Perception is reality.
With an increasingly fractured news media and a 10-second soundbite world, people based their opinions and insights on very little actual information. It is what they heard. It is what they have been led to believe.
The Republicans have been very successful recently. Until Monday.
A recent poll found that 45% were opposed to Obamacare. The same poll found that 37% were opposed to the Affordable Care Act. If that doesn’t sum up the “perception is reality” theme, then what would? People were asked about the exact same law with a different name, and 8% blindly hated it.
Maybe it was due to their dislike of President Obama. Maybe it was due to the constant barbs leveled at Obamacare – not the Affordable Care Act – that swayed their mind. Regardless, the Republicans won the battle of public opinion over Obamacare.
Or so it would seem.
On Monday night, the Government shut down over the GOP’s insistence to delay Obamacare for a year. It ended up being the best PR the Affordable Care Act could have ever asked for.

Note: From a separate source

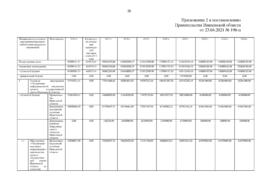 Постановление Правительства Ивановской области от 23.04.2021 N 196-п "О внесении изменений в постановление Правительства Ивановской области от 13.11.2013 N 454-п "Об утверждении государственной программы Ивановской области "Совершенствование институтов государственного управления и местного самоуправления Ивановской области"

Today, the much-discussed exchanges open up for Obamacare. This was precisely the moment the GOP should have circled for months as the date to bring the fight to the public. This was their opportunity to make their case against Obamacare with real, hard evidence.
It is nearly impossible that the Exchanges will open without a hitch – almost nothing operated at that wide of scale is 100% ready from hour 1, day 1. With a world watching, every mistake, every hiccup, every problem would have been magnified ten-fold in the eyes of a media – especially on the Conservative side – waiting for the other shoe to drop.
Even better for the GOP, there is a looming debt ceiling fight – or there was – in 2 weeks. If the launch of the Exchange failed and public opinion was swayed even further against the law, the GOP may have had the opening they were so desperately looking for.
Instead, the procedures of Obamacare are on the backburner. If anything, it presented Democrats with an opening to discuss the positives of the law without the intense scrutiny. The Today Show, this morning, did a quick, “5 Questions” piece on the law. Basically, it was to discuss the particulars of what the exchanges meant. It was a perfect pitch for what the law is meant to do – protect the uninsured. The women interview pointed out how much of the law, including the ban on excluding people with pre-existing conditions and children being able to say on their parents’ coverage until 26, has already been in effect.
Matt Lauer, almost incredulously, asked toward the end, “So what’s the problem?”
Today, not only on Today, the discussion is centered on the shutdown. It is focused on a dysfunctional government. In particular, it is shining the light on a dysfunctional party.
You could tell by the tenor of the party’s respective cable mouthpieces who had won the PR battle. On MSNBC leading up to midnight, the hosts were laughing and smirking. They could not believe this was happening.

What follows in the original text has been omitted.